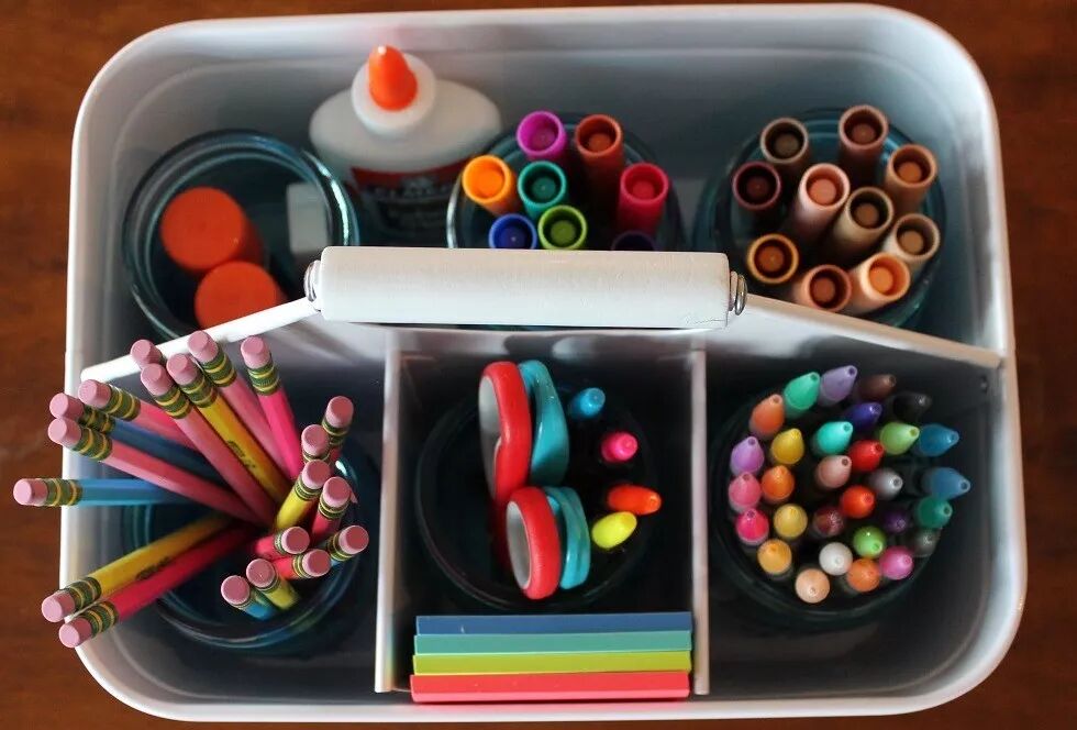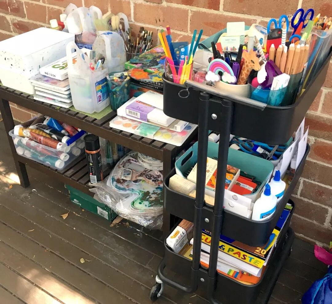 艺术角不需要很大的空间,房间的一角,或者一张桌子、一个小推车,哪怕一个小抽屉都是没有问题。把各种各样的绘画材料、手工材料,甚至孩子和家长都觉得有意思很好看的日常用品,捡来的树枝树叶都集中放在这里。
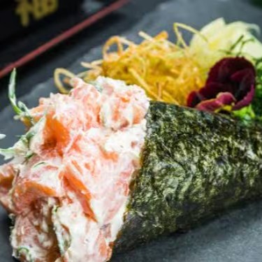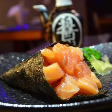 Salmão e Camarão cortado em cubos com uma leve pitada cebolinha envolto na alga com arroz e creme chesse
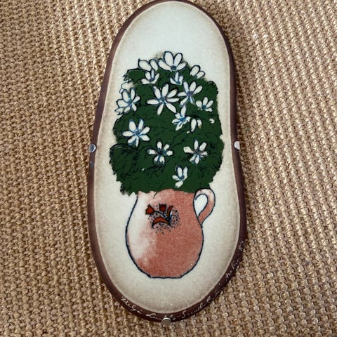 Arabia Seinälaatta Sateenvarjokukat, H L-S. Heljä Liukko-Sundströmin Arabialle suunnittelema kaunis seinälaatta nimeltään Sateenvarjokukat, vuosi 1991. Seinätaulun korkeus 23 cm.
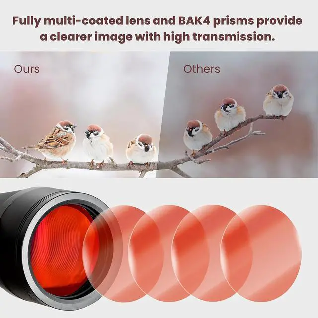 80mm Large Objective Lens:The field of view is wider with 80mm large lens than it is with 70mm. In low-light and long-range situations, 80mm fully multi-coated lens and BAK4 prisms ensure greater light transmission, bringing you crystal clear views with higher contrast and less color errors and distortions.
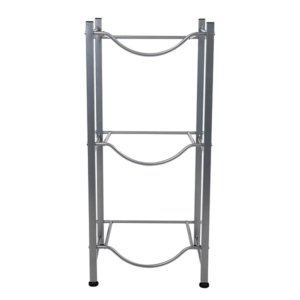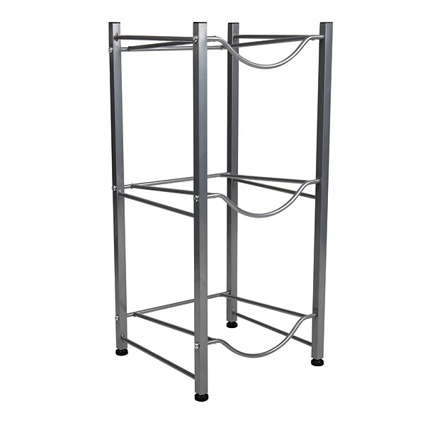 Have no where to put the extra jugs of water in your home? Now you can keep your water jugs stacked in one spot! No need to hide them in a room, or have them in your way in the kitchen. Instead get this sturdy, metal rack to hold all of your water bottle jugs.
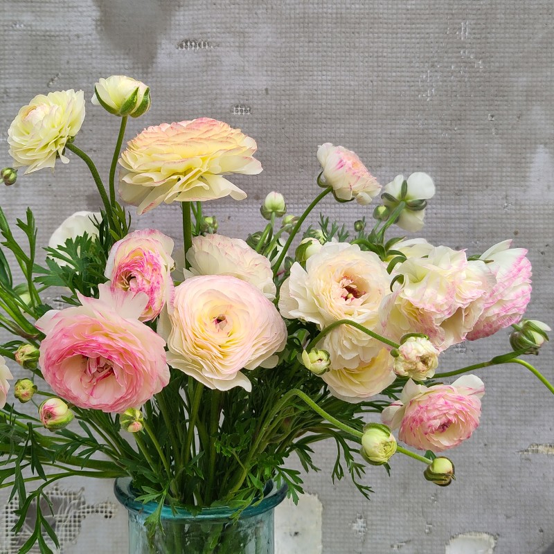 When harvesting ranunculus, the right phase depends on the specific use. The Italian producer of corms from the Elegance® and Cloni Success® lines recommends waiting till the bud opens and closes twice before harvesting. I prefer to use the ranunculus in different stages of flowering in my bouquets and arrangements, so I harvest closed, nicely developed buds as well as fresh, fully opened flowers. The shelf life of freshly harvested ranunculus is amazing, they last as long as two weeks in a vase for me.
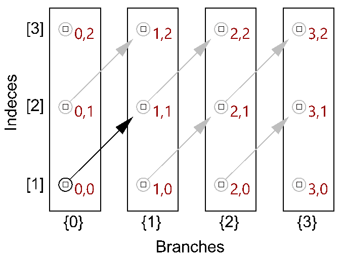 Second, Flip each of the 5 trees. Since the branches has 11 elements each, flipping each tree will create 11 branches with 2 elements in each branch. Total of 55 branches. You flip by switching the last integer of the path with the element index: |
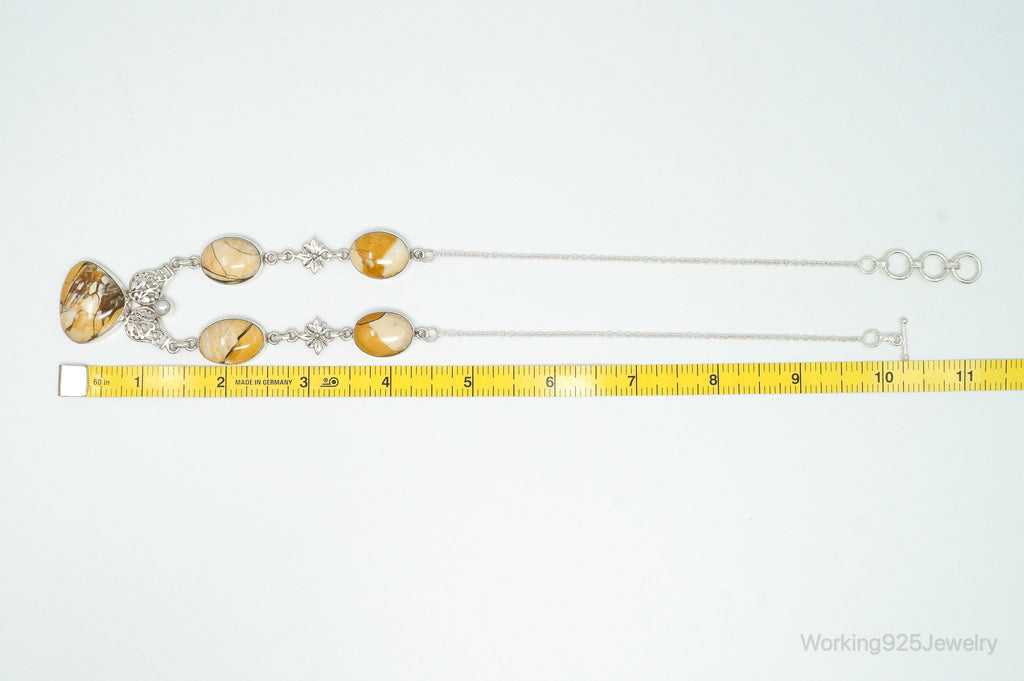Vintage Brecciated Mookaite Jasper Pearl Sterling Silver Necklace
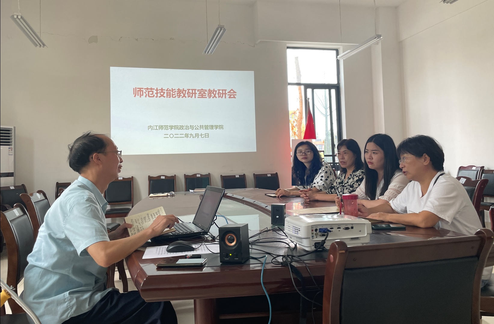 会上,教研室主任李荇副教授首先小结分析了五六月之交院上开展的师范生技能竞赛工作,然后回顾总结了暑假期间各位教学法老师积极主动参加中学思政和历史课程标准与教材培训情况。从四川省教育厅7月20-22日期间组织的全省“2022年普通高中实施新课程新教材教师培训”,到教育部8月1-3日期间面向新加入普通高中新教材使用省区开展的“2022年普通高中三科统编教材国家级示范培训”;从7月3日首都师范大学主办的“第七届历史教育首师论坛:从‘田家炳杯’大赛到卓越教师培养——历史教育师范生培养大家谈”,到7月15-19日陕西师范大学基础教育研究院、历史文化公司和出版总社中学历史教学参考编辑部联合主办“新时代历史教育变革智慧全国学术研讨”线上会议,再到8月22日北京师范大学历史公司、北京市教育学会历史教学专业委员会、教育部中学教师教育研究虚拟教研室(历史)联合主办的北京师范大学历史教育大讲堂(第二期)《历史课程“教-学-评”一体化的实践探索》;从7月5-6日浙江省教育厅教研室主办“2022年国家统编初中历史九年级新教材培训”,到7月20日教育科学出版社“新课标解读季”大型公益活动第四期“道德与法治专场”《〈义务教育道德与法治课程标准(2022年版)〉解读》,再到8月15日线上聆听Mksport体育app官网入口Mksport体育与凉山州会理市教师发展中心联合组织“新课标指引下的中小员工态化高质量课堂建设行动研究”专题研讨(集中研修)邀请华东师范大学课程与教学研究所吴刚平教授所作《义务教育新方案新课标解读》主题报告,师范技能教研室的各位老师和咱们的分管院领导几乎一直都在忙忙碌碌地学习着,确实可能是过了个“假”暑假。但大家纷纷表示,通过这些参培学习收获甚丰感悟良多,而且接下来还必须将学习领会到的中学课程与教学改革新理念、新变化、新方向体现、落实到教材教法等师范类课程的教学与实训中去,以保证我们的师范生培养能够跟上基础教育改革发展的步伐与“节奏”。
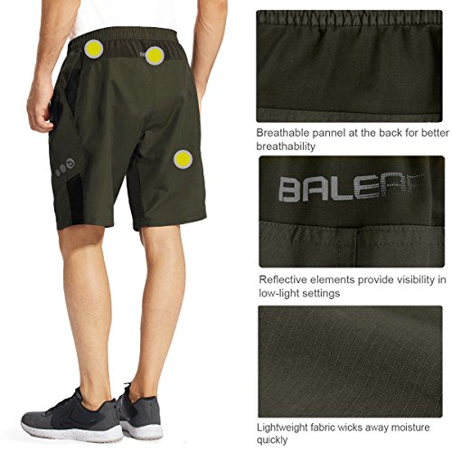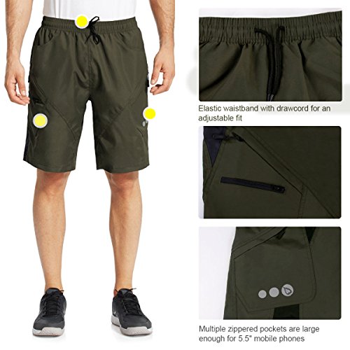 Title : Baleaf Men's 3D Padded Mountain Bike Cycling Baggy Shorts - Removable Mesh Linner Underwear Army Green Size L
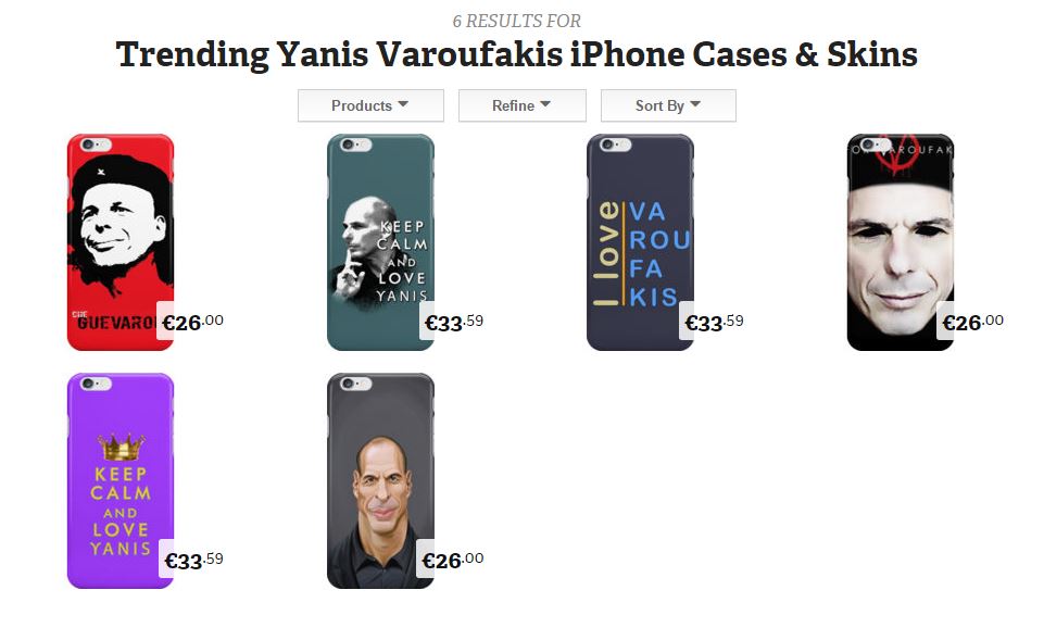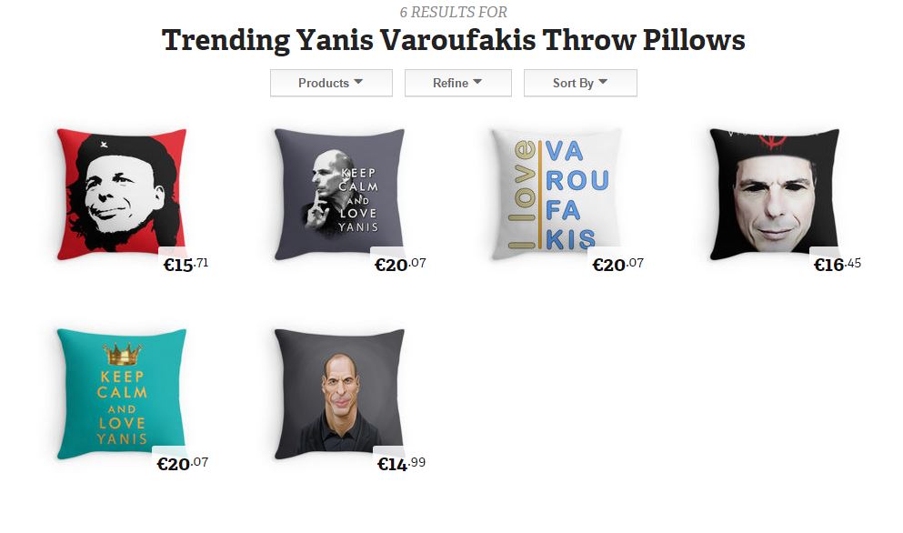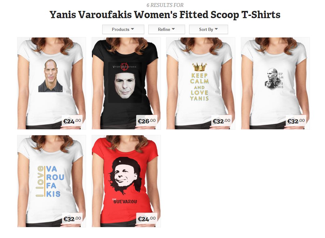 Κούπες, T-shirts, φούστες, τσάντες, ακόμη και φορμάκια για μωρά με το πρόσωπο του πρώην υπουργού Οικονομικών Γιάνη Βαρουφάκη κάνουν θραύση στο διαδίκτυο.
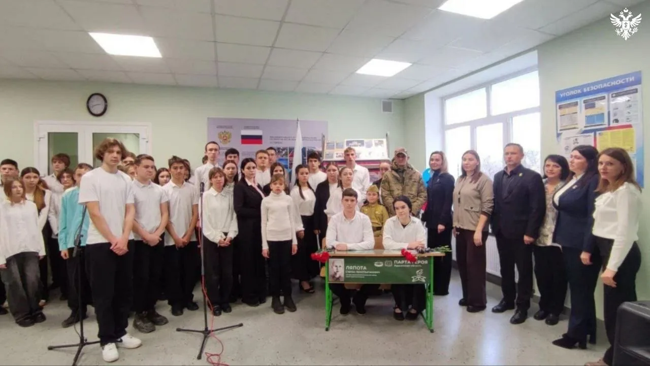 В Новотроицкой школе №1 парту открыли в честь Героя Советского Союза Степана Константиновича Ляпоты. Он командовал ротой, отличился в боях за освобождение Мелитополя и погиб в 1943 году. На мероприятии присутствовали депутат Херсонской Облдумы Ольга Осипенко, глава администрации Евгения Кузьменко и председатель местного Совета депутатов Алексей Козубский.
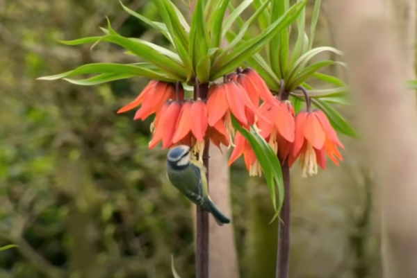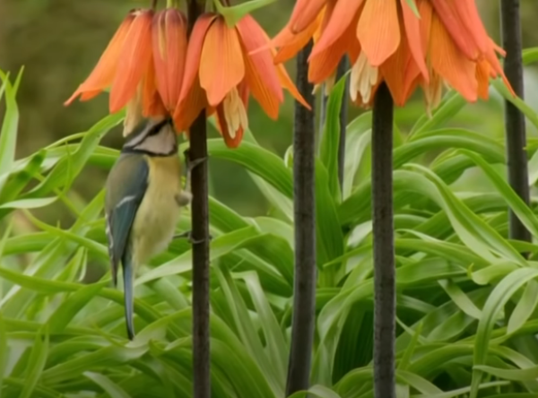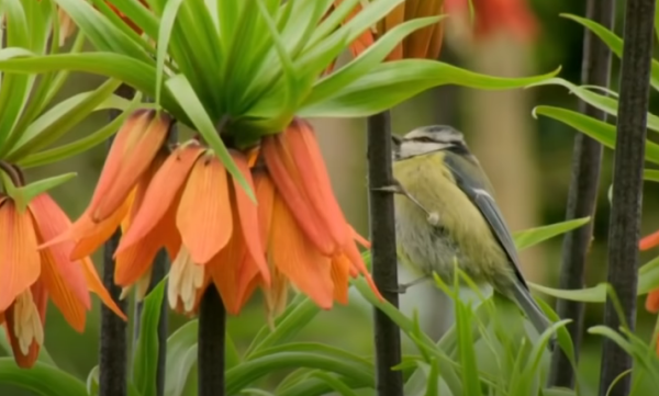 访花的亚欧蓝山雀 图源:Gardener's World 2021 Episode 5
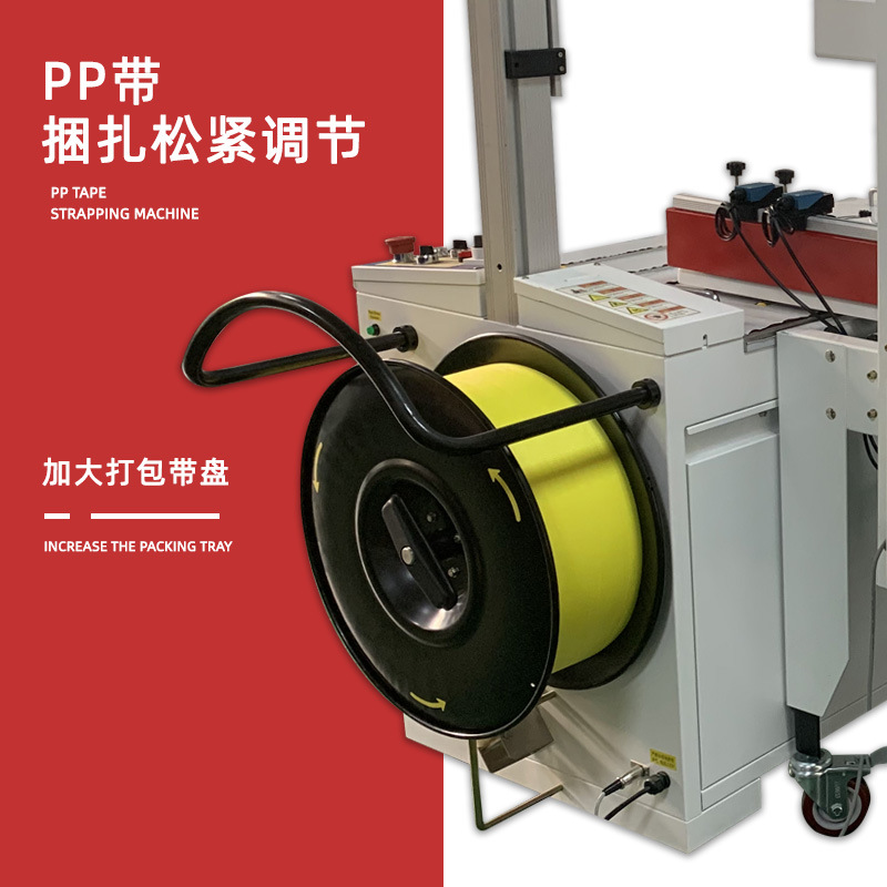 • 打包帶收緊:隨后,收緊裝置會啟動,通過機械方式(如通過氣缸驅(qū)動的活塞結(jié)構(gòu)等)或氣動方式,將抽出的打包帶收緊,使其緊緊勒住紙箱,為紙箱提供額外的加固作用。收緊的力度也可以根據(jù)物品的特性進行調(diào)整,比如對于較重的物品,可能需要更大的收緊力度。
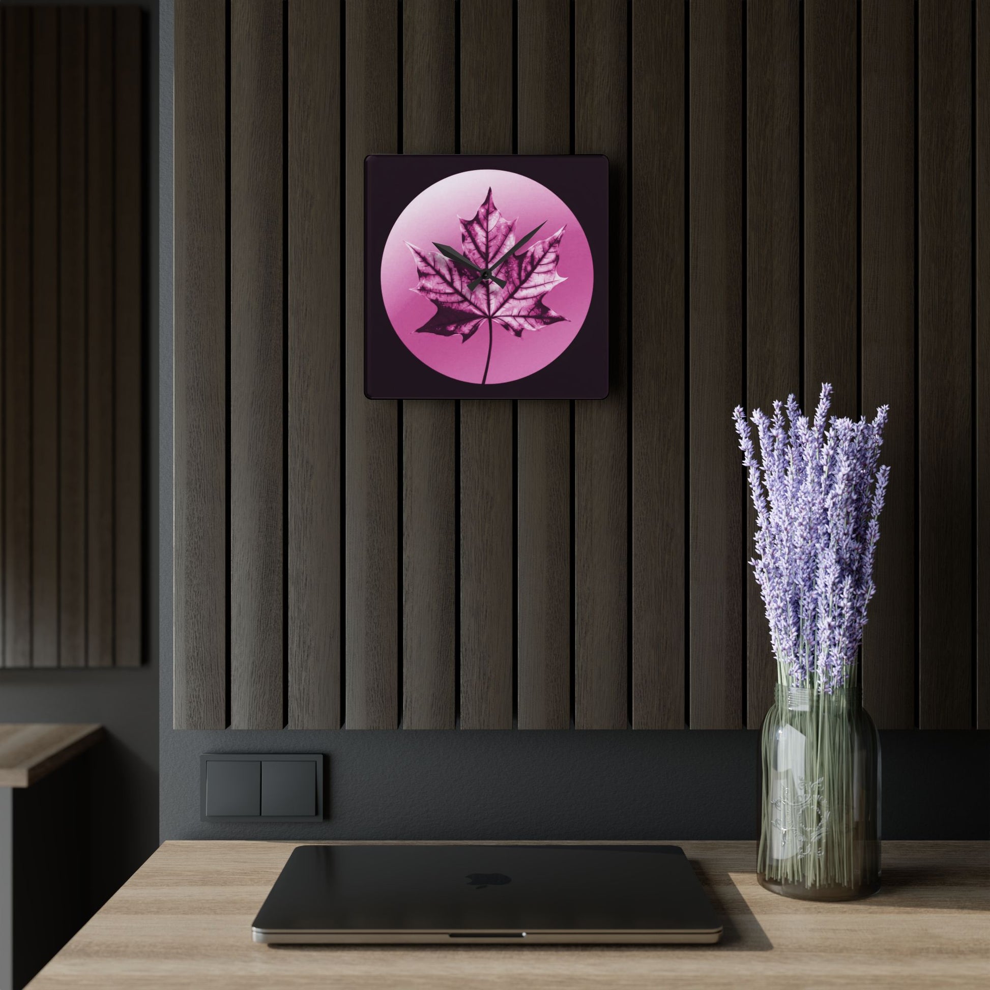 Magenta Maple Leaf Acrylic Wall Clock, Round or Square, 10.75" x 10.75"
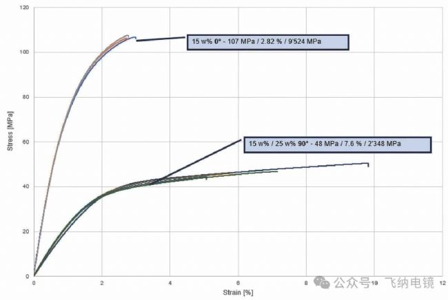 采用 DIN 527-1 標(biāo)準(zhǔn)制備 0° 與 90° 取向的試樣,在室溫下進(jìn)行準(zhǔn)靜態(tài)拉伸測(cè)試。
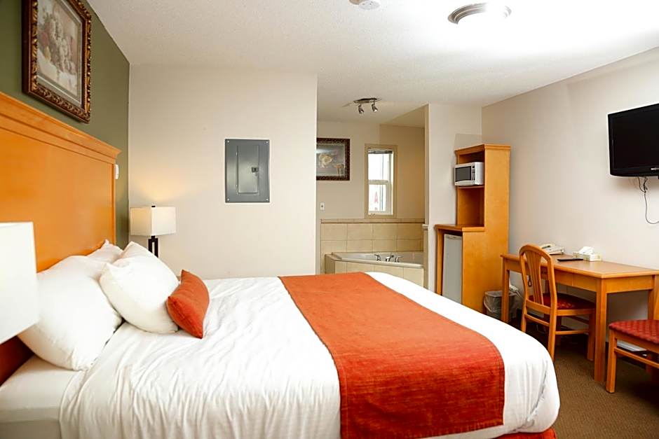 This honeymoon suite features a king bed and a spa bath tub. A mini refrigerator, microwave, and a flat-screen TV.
· · · · · · ·
REQUIRED WORK
Transcribe exactly the portion of the material above that runs from the line containing "Magenta Maple Leaf" through its last line, omitting all pictures.

FINAL ANSWER
 Magenta Maple Leaf Acrylic Wall Clock, Round or Square, 10.75" x 10.75"
 采用 DIN 527-1 標(biāo)準(zhǔn)制備 0° 與 90° 取向的試樣,在室溫下進(jìn)行準(zhǔn)靜態(tài)拉伸測(cè)試。
 This honeymoon suite features a king bed and a spa bath tub. A mini refrigerator, microwave, and a flat-screen TV.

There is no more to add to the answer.